In 2017, Tompkins County sold the Old Library to housing developer Travis-Hyde Properties for a mere $925,000, little more than the assessed value of the land on which it sat.  Travis-Hyde razed the still-serviceable—but also leaking—1960’s-era building.  Only now, years later, is the developer finally beginning to construct “Library Place,” an upscale senior citizens apartment project, upon the site.

Meanwhile, Tompkins County, which offloaded the Old Library for a song, later found the desire to purchase first the $1.8 Million Tioga Street site on which the Baker Dental Building sits.  Then, as whim and reason moved lawmakers, the County laid out nearly another $3 Million for properties closer to the Courthouse; the Key Bank building and the former Wiggins Law Offices.  Should a multi-story Center of Government rise on this newer site, building it could cost upwards of $30 Million.

Some legislators finally began to sense Tuesday night how money— and opportunity—can so easily slip through a government’s fingers.

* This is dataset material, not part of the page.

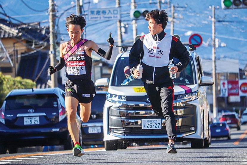 レースは終始ハイペース。「正直、ずっときつかった」と本音を漏らす。それでも沿道からの同期の声に救われた。給水では田中登馬選手、嘉数純平選手の声掛けに思わず笑顔がこぼれた。ラスト3キロ、監督車から声を掛けたのは、同学部で4年間を共にした小林マネージャー。「あの声で全部出し切れました」と話し、区間賞は仲間と一緒につかんだ結果だった。

In September 2017, I took to the meeting’s microphone the night the County Legislature sold the Old Library.  I said, in part:

“Not too many years from now, some future County Legislature, confronted with the reality of cramped quarters, will ask its taxpayers to bite the bullet; to bond and mortgage its future…. ‘If only we’d spared the Old Library,’ will be the cry.  Too bad, the Old Library is gone…. Remember (as Joni Mitchell sang), you don’t know what you’ve got ‘till it’s gone!” 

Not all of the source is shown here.